- [Records to process]:
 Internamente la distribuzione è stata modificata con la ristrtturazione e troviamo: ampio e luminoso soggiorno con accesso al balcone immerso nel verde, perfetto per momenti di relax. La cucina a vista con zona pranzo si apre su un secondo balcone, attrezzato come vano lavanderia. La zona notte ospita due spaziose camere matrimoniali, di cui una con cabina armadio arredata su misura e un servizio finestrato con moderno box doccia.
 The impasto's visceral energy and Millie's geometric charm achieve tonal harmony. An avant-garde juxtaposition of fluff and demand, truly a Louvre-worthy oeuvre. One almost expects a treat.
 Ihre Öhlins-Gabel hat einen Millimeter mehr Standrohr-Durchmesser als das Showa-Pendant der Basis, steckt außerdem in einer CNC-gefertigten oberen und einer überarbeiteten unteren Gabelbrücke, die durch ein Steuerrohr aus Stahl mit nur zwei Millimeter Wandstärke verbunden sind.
--
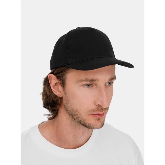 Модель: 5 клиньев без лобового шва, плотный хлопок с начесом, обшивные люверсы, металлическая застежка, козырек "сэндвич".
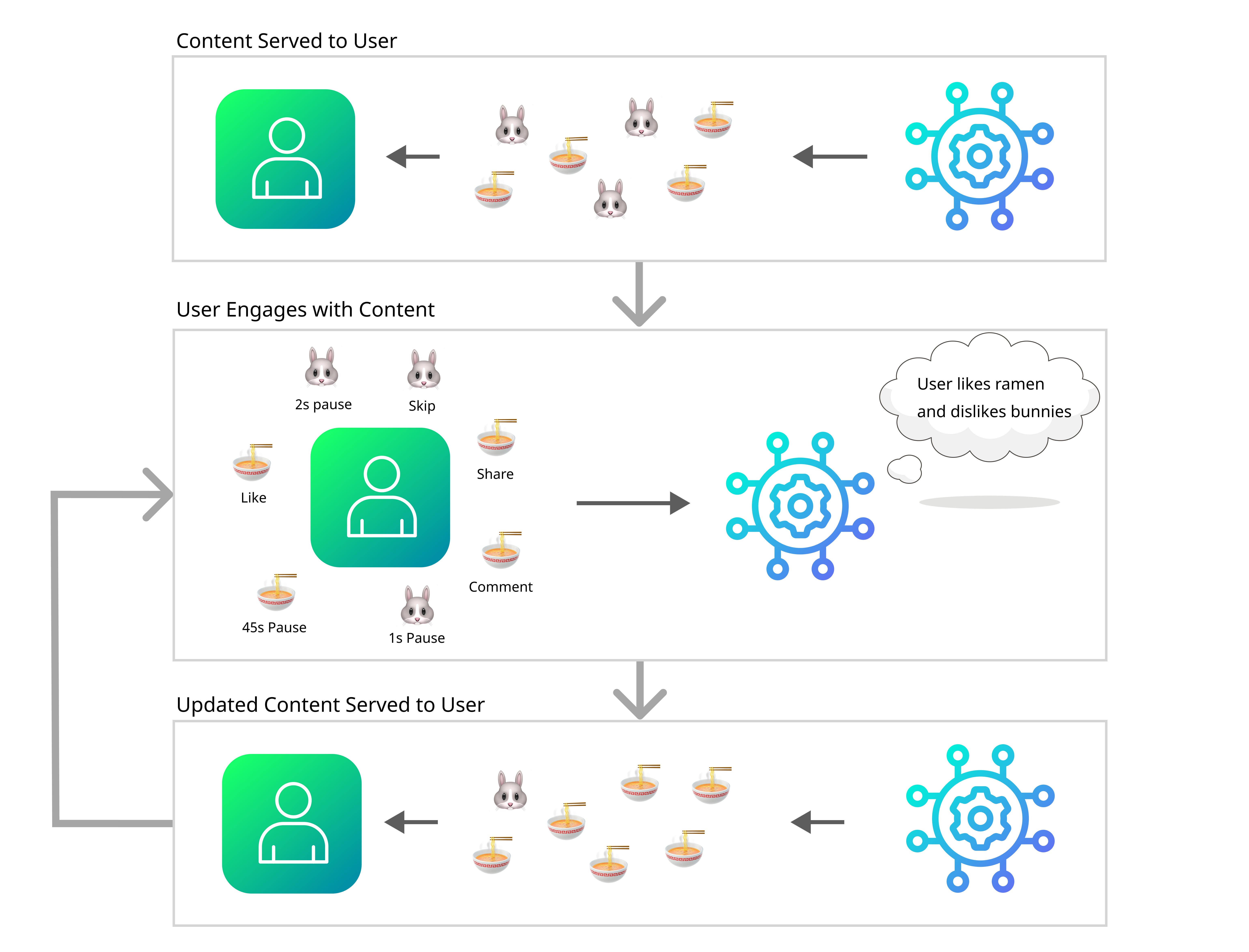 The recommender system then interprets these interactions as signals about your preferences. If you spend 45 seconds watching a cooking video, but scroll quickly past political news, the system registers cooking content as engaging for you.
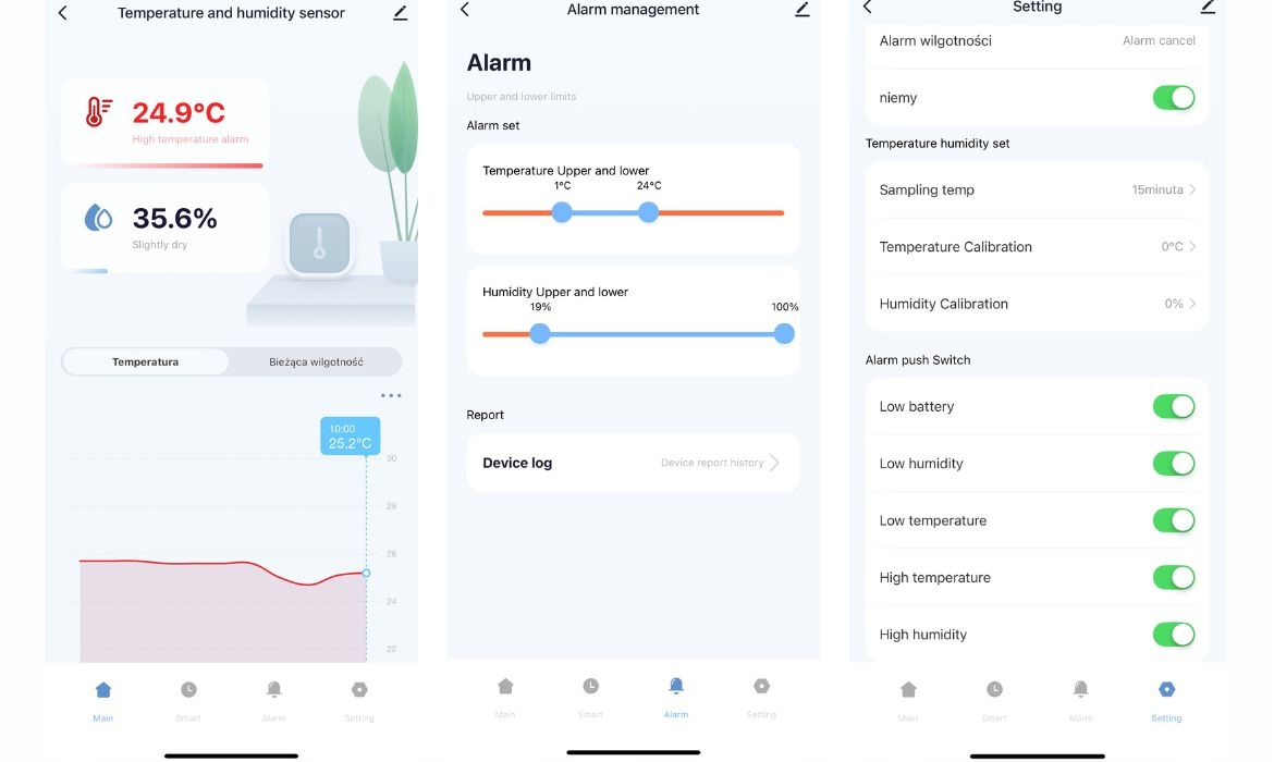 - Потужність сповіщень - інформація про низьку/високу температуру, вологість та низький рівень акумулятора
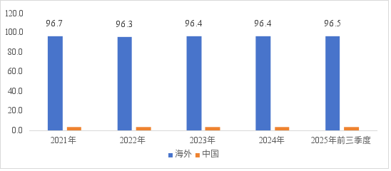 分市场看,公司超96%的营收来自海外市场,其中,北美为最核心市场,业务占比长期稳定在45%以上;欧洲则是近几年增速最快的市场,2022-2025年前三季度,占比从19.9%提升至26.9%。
...
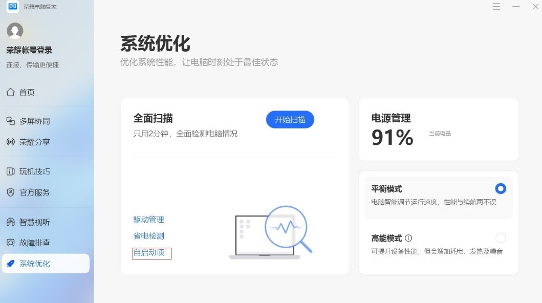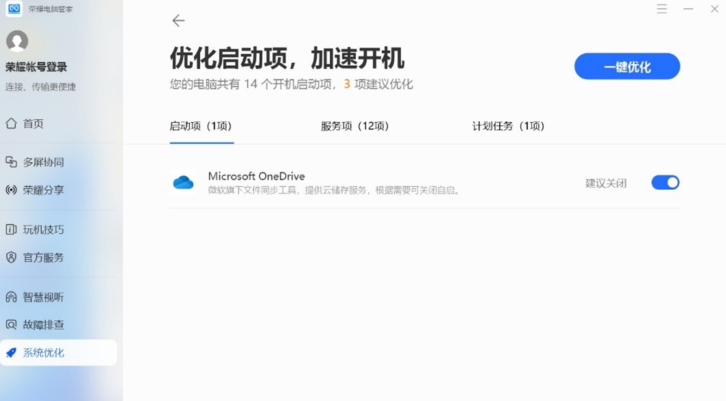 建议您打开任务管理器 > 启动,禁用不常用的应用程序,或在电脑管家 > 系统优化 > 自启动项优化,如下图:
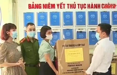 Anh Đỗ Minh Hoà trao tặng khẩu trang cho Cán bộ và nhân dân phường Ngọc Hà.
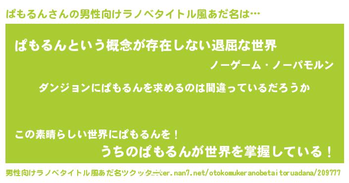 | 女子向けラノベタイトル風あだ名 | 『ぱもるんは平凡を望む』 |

- [Your objective]:
All lines above starting at the one with "- Потужність сповіщень" and ending at the one with "分市场看,公司超96%的营收", inclusive, are to be printed again exactly, with the pictures left out.

- [Result of the task]:
 - Потужність сповіщень - інформація про низьку/високу температуру, вологість та низький рівень акумулятора
 分市场看,公司超96%的营收来自海外市场,其中,北美为最核心市场,业务占比长期稳定在45%以上;欧洲则是近几年增速最快的市场,2022-2025年前三季度,占比从19.9%提升至26.9%。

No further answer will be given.